**YOUR TASK**: From the line containing "Herzstück der Pro-Tent" down to the line containing "Washtub sink in", copy out the entries below exactly, both lines included, and nothing else; pictures do not belong in the copy.

**AVAILABLE RECORDS**:

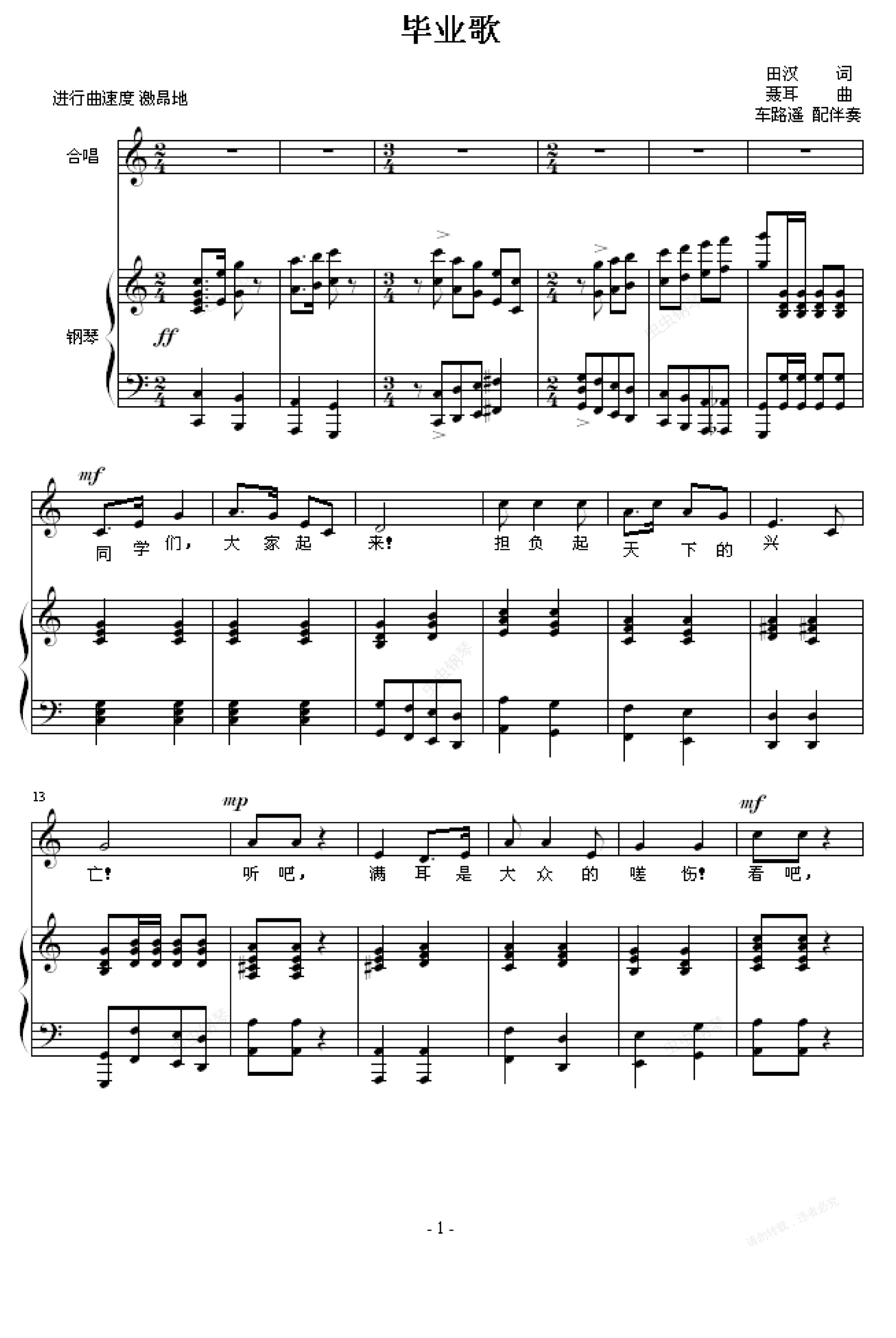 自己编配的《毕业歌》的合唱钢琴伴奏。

* * *

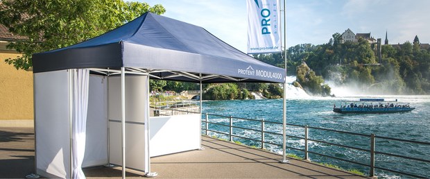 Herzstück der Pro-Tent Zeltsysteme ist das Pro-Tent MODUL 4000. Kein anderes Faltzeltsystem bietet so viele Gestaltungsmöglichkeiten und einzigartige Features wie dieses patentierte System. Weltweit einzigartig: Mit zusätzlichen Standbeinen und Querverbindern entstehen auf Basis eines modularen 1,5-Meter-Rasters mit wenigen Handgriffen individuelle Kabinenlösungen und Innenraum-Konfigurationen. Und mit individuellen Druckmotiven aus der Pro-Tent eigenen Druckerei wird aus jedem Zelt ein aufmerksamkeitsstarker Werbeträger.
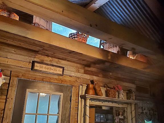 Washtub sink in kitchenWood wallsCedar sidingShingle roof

**RESULT OF THIS TASK**:
 Herzstück der Pro-Tent Zeltsysteme ist das Pro-Tent MODUL 4000. Kein anderes Faltzeltsystem bietet so viele Gestaltungsmöglichkeiten und einzigartige Features wie dieses patentierte System. Weltweit einzigartig: Mit zusätzlichen Standbeinen und Querverbindern entstehen auf Basis eines modularen 1,5-Meter-Rasters mit wenigen Handgriffen individuelle Kabinenlösungen und Innenraum-Konfigurationen. Und mit individuellen Druckmotiven aus der Pro-Tent eigenen Druckerei wird aus jedem Zelt ein aufmerksamkeitsstarker Werbeträger.
 Washtub sink in kitchenWood wallsCedar sidingShingle roof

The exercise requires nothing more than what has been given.